The definitive diagnosis is obtained through an Arterial Blood Gas (ABG) analysis, the gold standard for measuring blood oxygen. This invasive test requires drawing a blood sample directly from an artery, usually in the wrist. The ABG measures the partial pressure of oxygen (\(\text{PaO}_2\)), the technical value used to define hypoxemia. A normal \(\text{PaO}_2\) range is 75 to 100 millimeters of mercury (mm Hg); a value below 60 mm Hg constitutes hypoxemia.

Correcting Hypoxemia

The immediate goal of treatment is to quickly raise blood oxygen levels using supplemental oxygen therapy. This increases the concentration of oxygen in the air a patient breathes. For mild hypoxemia, oxygen is delivered through low-flow systems like a nasal cannula. The flow rate is adjusted to maintain a target saturation level, usually between 92% and 98%.

For moderate to severe cases, higher-flow devices are used, such as simple face masks or non-rebreather masks. A non-rebreather mask uses a reservoir bag and one-way valves to ensure the patient inhales a very high percentage of oxygen. If oxygen levels remain low despite using a mask, advanced respiratory support may be necessary. This includes non-invasive ventilation, such as BiPAP, which delivers pressurized air through a fitted mask to keep airways open.

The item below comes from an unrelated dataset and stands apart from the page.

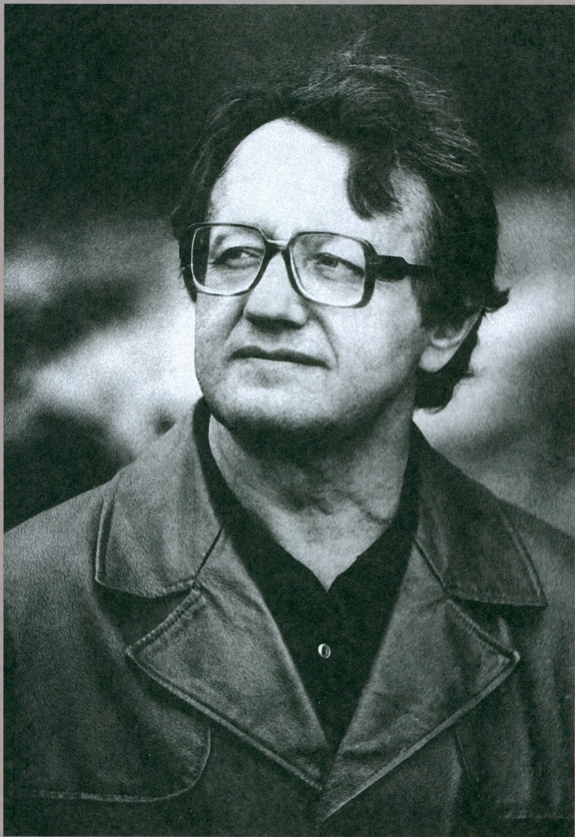
Алесь Адамович. 1984
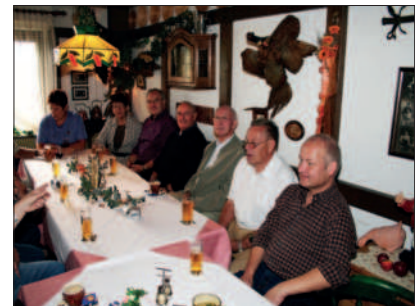
Ausklang der Herbstwanderung bei „Fielenbach“

In the most severe instances of respiratory failure, mechanical ventilation may be required, where a machine breathes for the patient through a tube placed in the windpipe. While these acute interventions stabilize the patient, the long-term management of the hypoxemia requires addressing the underlying cause. For example, pneumonia is treated with antibiotics, and a pulmonary embolism is treated with blood thinners.